In Argentina the will-o'-the-wisp phenomenon is known as Luz Mala (evil light) or Fuego Fatuo and is one of the most important myths in Argentine . . . folklore. This phenomenon is quite feared and . . . consists of an extremely shiny ball of light floating a few inches from the ground. Traditionally is said that "If the light is white, it implies a soul in pain and is recommended to say a prayer, but if the light is red, the witness must flee immediately, thus the phenomenon represents the temptation of Satan.."

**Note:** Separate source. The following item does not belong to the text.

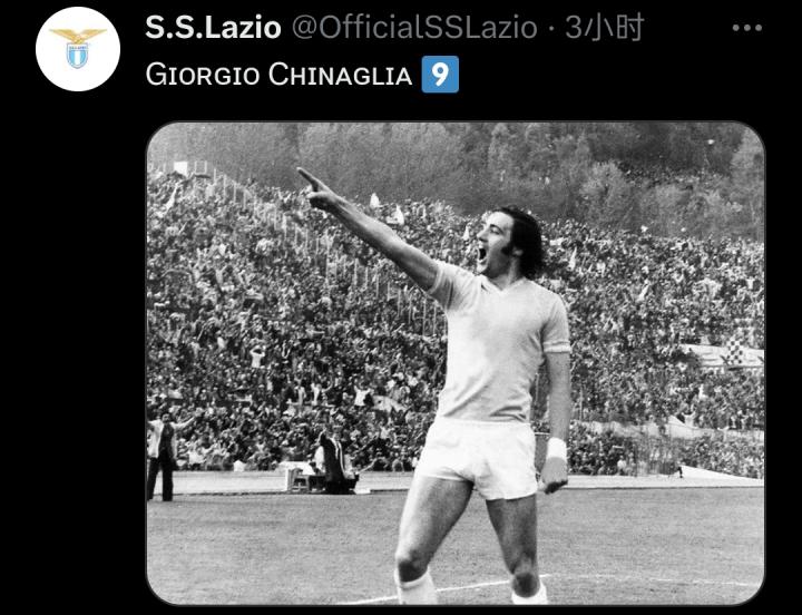 俱乐部在社交媒体上用一张重要的照片来纪念他,这也许是拉齐奥历史上最美丽的照片,这位历史上最伟大的9号球员在德比进球后直指罗马南看台。

In J.R.R Tolkien's work The Lord of the Rings, will o' the wisps are present in the Dead Marshes outside of Mordor. When Frodo Baggins and Samwise Gamgee make their way through the bogs the spindly creature Gollum tells them "not to follow the lights" meaning the will o' the wisps. He tells them that if they do, they will keep the dead company and have little candles of their own.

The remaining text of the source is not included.